[Collected data]
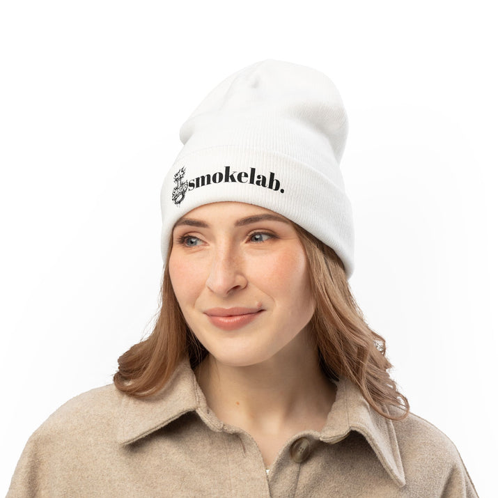 Embroidered 'smokelab.' Knit Beanie — Streetwear Logo Winter Hat
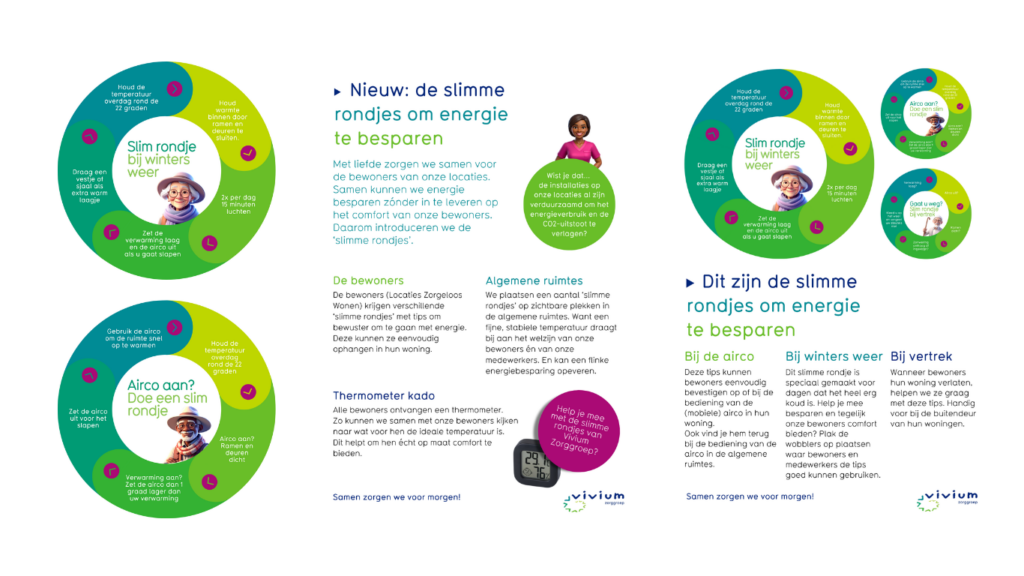 Voor zorgorganisatie Vivium Zorggroep ontwikkelden we een interne campagne om medewerkers en cliënten bewust te maken van energie besparen. Van strategie tot de uitwerking van middelen zorgden we voor een heldere en herkenbare lijn. Met toegankelijke visuals en praktische tips vertaalden we het thema energie besparen naar de dagelijkse zorgomgeving, zodat iedereen eenvoudig kon meedoen en bijdragen.
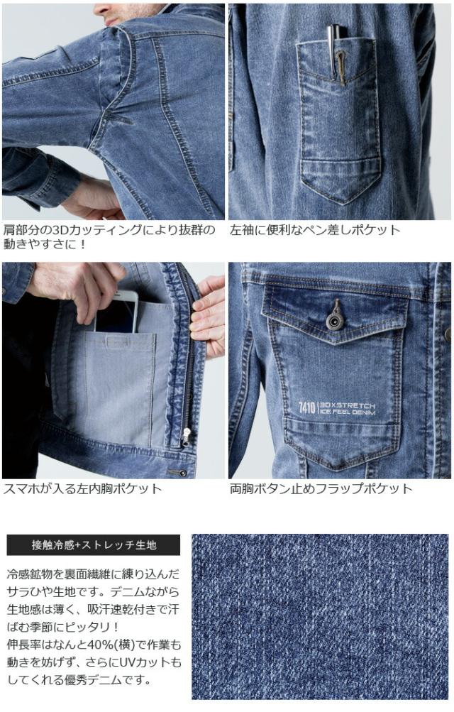 【在庫限り特価5,489→4,300円】ストレッチ冷感デニムジャケット アイスフィールデニムジャケット IZ FRONTIER アイズフロンティア #7410 IZ-7410 メンズ 春夏 ストレッチ 吸水速乾 UVカット ワーク 作業服 作業着
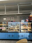 Очень богатый ассортимент, приветливые и вежливые сотрудники, знают свою работу и всегда могут подсказать с выбором или составом, радует количество предложенных напитков. Взяли сендвичи и холодные напитки, все очень понравилось, вкусно, освежающее и главное по адекватной цене. Десерты взяли с собой, съели по пути до дома, ибо слишком вкусно они выглядели. Хорошее место расположения, всегда можно заехать по пути и отдохнуть.
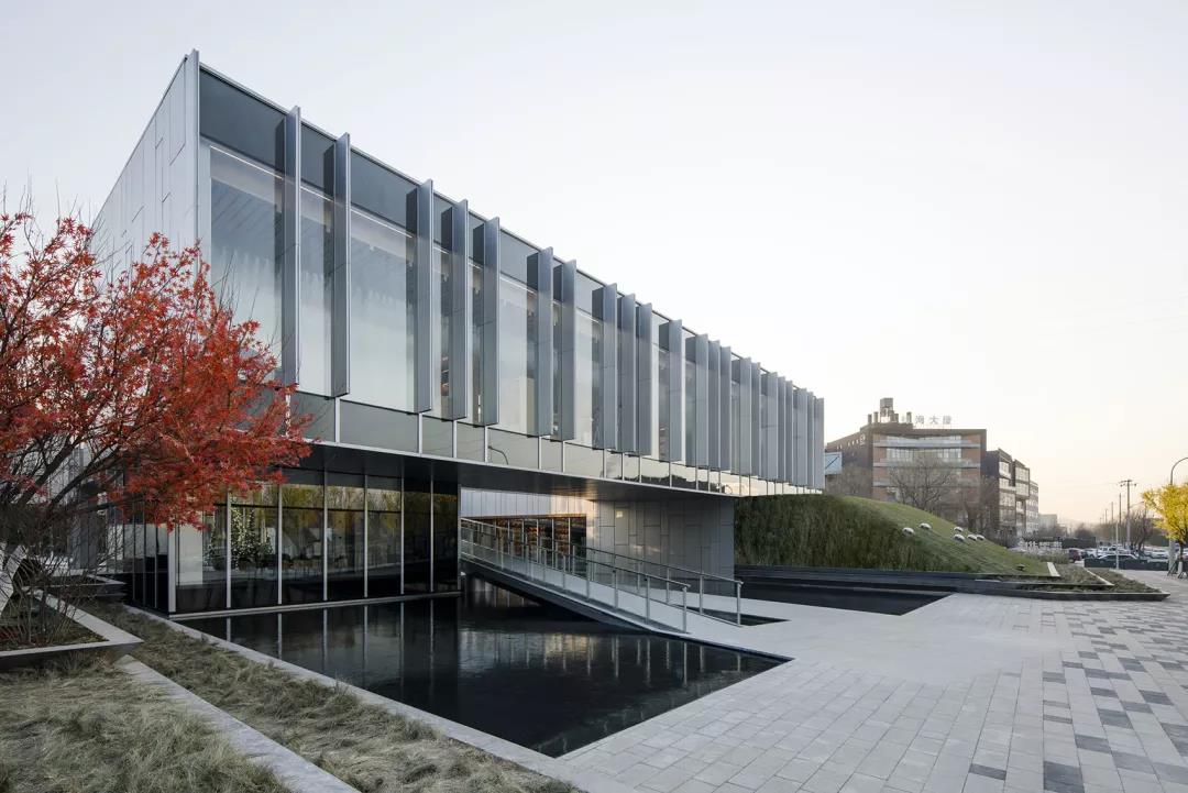 隨著一天中光線的變化,光相當(dāng)于作為一種獨立的材質(zhì)參與到建筑中。鋁板隨著陽光的強(qiáng)度變化呈現(xiàn)出不同的色調(diào),玻璃的色調(diào)則是同時具備了天空的顏色和內(nèi)部的光照,平靜的水面再將建筑和天空一同納入其中,層疊反復(fù)的光影反射讓建筑的邊緣和界限模糊起來,也為建筑呈現(xiàn)出更豐富多變的面貌。夕陽西下時分,從二層平臺的花園向西望去,溫暖的余暉直透過兩層玻璃幕墻,如“框景”一般勾勒出西側(cè)公園景觀和遠(yuǎn)方西山的輪廓,玻璃退讓為光線的畫布,室內(nèi)的場景與活動展示于畫布之上,上演了有趣的看與被看的空間敘事關(guān)系。

Your goal: The answer must be an exact transcription of the lines from the one holding "Voor zorgorganisatie Vivium" to the last line of the entries above, with no pictures and nothing else.

Result of this task:
 Voor zorgorganisatie Vivium Zorggroep ontwikkelden we een interne campagne om medewerkers en cliënten bewust te maken van energie besparen. Van strategie tot de uitwerking van middelen zorgden we voor een heldere en herkenbare lijn. Met toegankelijke visuals en praktische tips vertaalden we het thema energie besparen naar de dagelijkse zorgomgeving, zodat iedereen eenvoudig kon meedoen en bijdragen.
 【在庫限り特価5,489→4,300円】ストレッチ冷感デニムジャケット アイスフィールデニムジャケット IZ FRONTIER アイズフロンティア #7410 IZ-7410 メンズ 春夏 ストレッチ 吸水速乾 UVカット ワーク 作業服 作業着
 Очень богатый ассортимент, приветливые и вежливые сотрудники, знают свою работу и всегда могут подсказать с выбором или составом, радует количество предложенных напитков. Взяли сендвичи и холодные напитки, все очень понравилось, вкусно, освежающее и главное по адекватной цене. Десерты взяли с собой, съели по пути до дома, ибо слишком вкусно они выглядели. Хорошее место расположения, всегда можно заехать по пути и отдохнуть.
 隨著一天中光線的變化,光相當(dāng)于作為一種獨立的材質(zhì)參與到建筑中。鋁板隨著陽光的強(qiáng)度變化呈現(xiàn)出不同的色調(diào),玻璃的色調(diào)則是同時具備了天空的顏色和內(nèi)部的光照,平靜的水面再將建筑和天空一同納入其中,層疊反復(fù)的光影反射讓建筑的邊緣和界限模糊起來,也為建筑呈現(xiàn)出更豐富多變的面貌。夕陽西下時分,從二層平臺的花園向西望去,溫暖的余暉直透過兩層玻璃幕墻,如“框景”一般勾勒出西側(cè)公園景觀和遠(yuǎn)方西山的輪廓,玻璃退讓為光線的畫布,室內(nèi)的場景與活動展示于畫布之上,上演了有趣的看與被看的空間敘事關(guān)系。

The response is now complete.